Part3: Several Available Strategies to Deal With Privacy Threats in Metaverse
As the last article in this series, we attempt to provide some recommendations for metaverse privacy protection from the perspective of service providers and general users.
Recommendations for Providers
Providers of metaverse services will need to ensure that people’s data are protected, e.g., adequately encrypted at all times during storing, exchanging and using. Providers will need to demonstrate that they will protect their users from government prying. Permitting users to access the data held about them and delete it would help users trust the providers. More specifically, service providers can provide clear privacy policies, store information securely, avoid releasing information about others, and minimize the amount of personal data in possession of metaverse corporations. Beyond this, there may be economic opportunities for providers to create means of protecting people’s privacy and securing their information  (at least if people begin to take their online privacy more seriously).
The transparency of services and interactions can increase the user’s credibility to the platform, which in turn can increase the subscriber flow and expand the volume of the metaverse . Metaverse service should include settings that allow users to determine who they wish to contain and exclude from certain social circles. Providers (including designers) of online environments will also need to be aware of the potential to include unconscious biases in their designs.
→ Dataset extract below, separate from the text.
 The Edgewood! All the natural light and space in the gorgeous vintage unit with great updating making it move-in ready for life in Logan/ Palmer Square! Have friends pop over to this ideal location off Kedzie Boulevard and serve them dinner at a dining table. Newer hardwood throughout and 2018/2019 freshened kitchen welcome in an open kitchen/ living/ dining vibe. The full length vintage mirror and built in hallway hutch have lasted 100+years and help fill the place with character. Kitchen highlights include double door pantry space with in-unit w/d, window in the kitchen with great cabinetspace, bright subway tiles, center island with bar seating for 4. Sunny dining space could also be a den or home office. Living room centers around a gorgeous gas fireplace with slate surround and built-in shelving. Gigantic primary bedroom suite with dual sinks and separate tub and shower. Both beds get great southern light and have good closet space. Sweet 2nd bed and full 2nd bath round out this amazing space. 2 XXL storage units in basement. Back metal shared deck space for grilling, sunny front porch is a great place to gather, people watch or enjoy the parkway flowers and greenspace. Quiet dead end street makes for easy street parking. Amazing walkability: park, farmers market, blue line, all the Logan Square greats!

There may be economic opportunities for providers to create means of protecting people’s privacy and securing their information, e.g., selling technological means to allow people to encrypt data. End-to-end encryption that protects people’s correspondence and cloud services that encrypt all data with individual keys might become desirable for companies and citizens wishing to protect their privacy . Though, there is a risk that with end-to-end encryption, if users lose their keys, they will lose the ability to access all their data.
Recommendations for Users
Minimize privacy-related activities
Many online activities are at risk of collecting user privacy information illegally. However, such activities are generally easier to identify. One simple and efficient way to avoid these problems is to minimize interaction with these privacy-related activities. Users interested in privacy could also use software that blocks cookies, trackers, and so on. Citizens who value privacy — both personally and for its social importance — are obliged to avoid using services that undermine these values. If autonomy is utterly undermined, people will not be free to pursue any other goals they might typically have valued, however, unless most users avoid allowing their data to be accessed. Even those who value their privacy will be at risk due to associational privacy and big data gathering.
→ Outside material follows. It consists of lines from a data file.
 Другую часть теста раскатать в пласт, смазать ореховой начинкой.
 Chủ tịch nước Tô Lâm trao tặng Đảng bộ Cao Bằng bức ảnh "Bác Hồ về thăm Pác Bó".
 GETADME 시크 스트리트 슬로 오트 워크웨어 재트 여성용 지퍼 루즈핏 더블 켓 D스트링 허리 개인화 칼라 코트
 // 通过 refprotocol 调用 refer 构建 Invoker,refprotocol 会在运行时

Citizens need to be aware of the potential to be manipulated and misinformed. Given that many privacy changes are unlikely to be halted, with consequent impacts on autonomy, people need to be informed about what others can know about their future actions. People should carefully analyze the contracts they sign when joining metaverse, examine changes to terms and conditions, and take care of what personal information they reveal .
If governments and corporations neglect their responsibilities for protecting privacy and autonomy, this responsibility for protecting privacy might fall on users. Those who wish to avoid invasions of physical privacy can resort to technological solutions, both low and high tech. Low-tech solutions might mean physically blocking cameras on phones or computers to ensure privacy. In contrast, high-tech solutions would involve using hardware or software to stop potential invasions of physical privacy . Users might also consider paying for services currently provided by large tech companies, i.e., buying encrypted metaverse services similar to choosing encrypted email services. For instance, mailbox.org houses its servers in Berlin and thus is subject to the strict German laws on data protection. In short, citizens can reward companies and services that value the protection of privacy and autonomy and punish those that do not.